Is REST3D code available?
The REST3D GitHub repository exists, but the current public README says Code coming soon. This site links to the repository without claiming a released implementation.
What are the REST3D baselines?
REST3D compares against DigitalCousins, Gen3DSR, SceneGen, and SAM3D.
What are the REST3D datasets?
REST3D evaluates on Replica, ScanNet++, and a Custom set with casual images including bedrooms, living rooms, and cartoon-style scenes.

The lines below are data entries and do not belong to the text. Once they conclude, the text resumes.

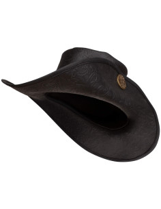 Captain's Tricorn Hat with Baroque Engraving, Deluxe Brown Leather
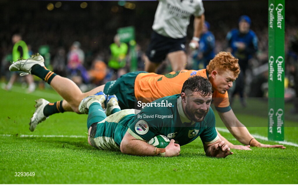 15 November 2025; Robbie Henshaw of Ireland scores his side's sixth try during the Quilter Nations Series 2025 match between Ireland and Australia at the Aviva Stadium in Dublin. Photo by David Fitzgerald/Sportsfile
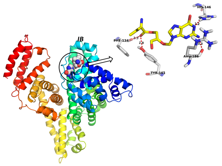 Molecular modelling studies were performed using autodock 4.2 program using a lamarckian genetic algorithm. HSA X-ray crystal structure is taken from brookhaven protein data bank (PDB ID: 1AO6) and the protein topology was prepared using autodock 4.2. PBD structure of valganciclovir is obtained from https://www. drugbank.ca/drugs/DB01610 and is used without further modifications. Grid box of dimensions 126 x 126 x 126 was set with a grid spacing of 0.703 A °. And the center of the grid was set to 2.95, 3.18 and 2.35 nm. Docking parameters were set at default settings, and 25 conformations were run using a genetic algorithm. The conformer with the lowest binding energy that corresponds to the experimental value is visualized and analyzed using PyMol software.
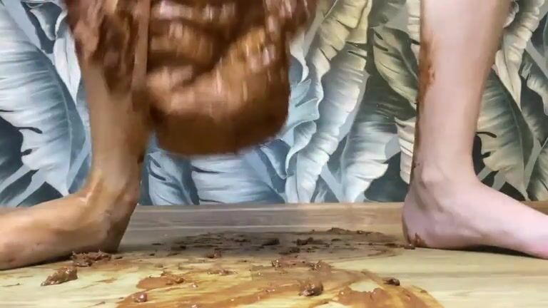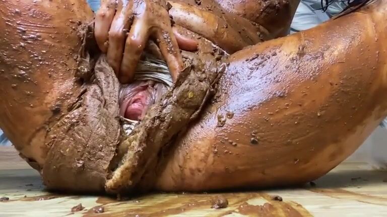 Nasty brunette smearing hot shit on her body
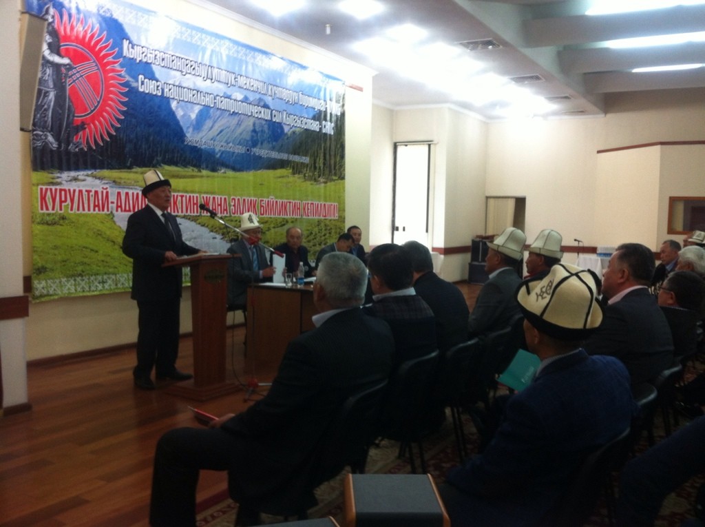 “Эл менен бийликтин ортосундагы ажырым өтө чоңоюп кетти. Эл өзүнчө, бийлик өзүнчө болуп калды. Бүгүн элибиз эч нерсеге ишенбеген абалга келдик. Бийликтин эл астындагы кадырынын кетишинин бир себеби мамлекеттик жетекчи кадырларды тандоодогу жоопкерсиздик болууда. Бир кездеги министрлер, мамлекеттик жооптуу кызматтагы жетекчилер менен бүгүнкү иштеп жаткан жетекчилерди салыштырып болобу? Мурда мамлекеттик кызматтарда иштебеген, кесиптик билими туура келбеген кадрлар көчөдөн келип эле жооптуу мамлекеттик кызматтарды, министрлик орундарды ээлеп отуруп калышууда. Ошого жараша иштин көзүн билип, туура иштеп кетсе кана. Тилекке каршы, иштеген иштеринен майнап чыкпай мамлекеттик ишти аксатышууда. Бүгүн мурунку постсоветтик мамлекеттердин ичинен эң начар чала сабат кадрлар Кыргызстандын мамчиновниктери болуп калды”- деп абалды өтө өкүнүү менен белгилеп келип, Элдик Курултайдын идеясын колдоорун айтып, өтүп жаткан Улуттук Курултайдын ишине ийгилик каалады.
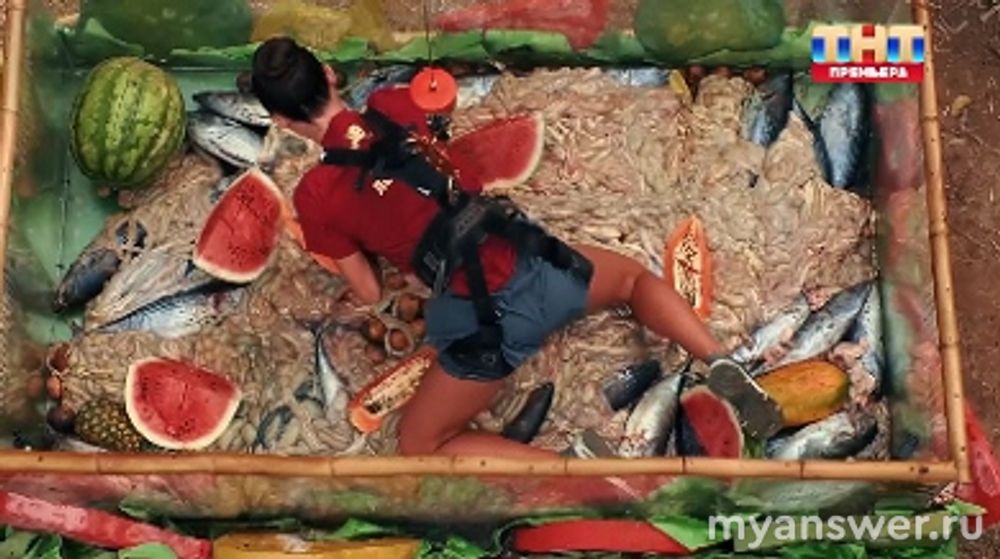 И на все это отведено 15 минут. Лерчек проходила испытание самоотверженно. Захватывала как можно больше улова. Доносила его до нужной емкости. Это было просто омерзительное испытание. Понимая, что монет нет, Лерчек начала обматываться кишками.
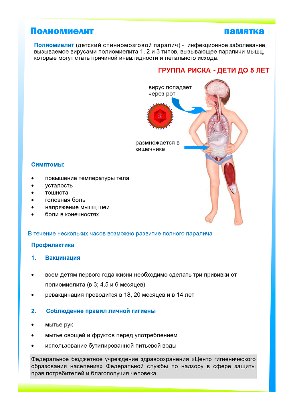 Полиомиелит (или детский паралич) - острое инфекционное заболевание преимущественно, поражающее центральную нервную систему, в первую очередь спинной мозг. Заболевание приводит к развитию параличей, приводящих заболевшего ребенка к инвалидизации.
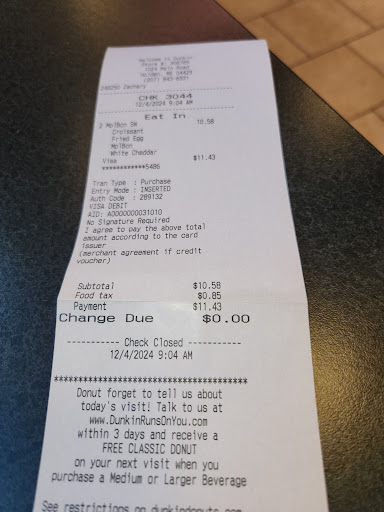 Read moreGreat staff and fresh Doughnuts every day and the coffee is always (& I do mean always! ) the coffee is fresh, hot and is ready into my hand so quickly. Best Dunkin ever, I almost forgot to mention that this location is or was for that matter the only place I know of using the Best cream for their whoopy pie Doughnuts in the place of the buttercream which I think is an amazing idea and I only wish they still did this because the buttercream is absolutely way to sweet for my liking and the same goes with my family, they all prefer the best cream just because.... well it just tastes better lol. Other than that it's definitely a 5⭐️ location for their service and there amazing attitude and nots let forget this is a clean...

What are the REST3D applications?
REST3D is relevant to immersive interaction, content creation, gaming, simulation-ready assets, robotics, embodied AI, real-to-sim, and VR human-object interaction.
REST3D glossary: terms users search after they understand the headline.
Scene tree
A support-relation structure that represents which objects are on, hanging from, or attached to other objects or surfaces.
Physics-constrained optimization
Simulation-based refinement that moves object poses toward stable, low-collision configurations while preserving the input layout.
Stable rate
A physical plausibility metric indicating whether reconstructed scenes settle into stable states under simulation.
REST3D primary links
arXiv
Project page
Official REST3D project page with interactive 3D, results, VR demos, comparison, citation, and acknowledgements.
Code repository
REST3D GitHub repository. Current public status: code coming soon.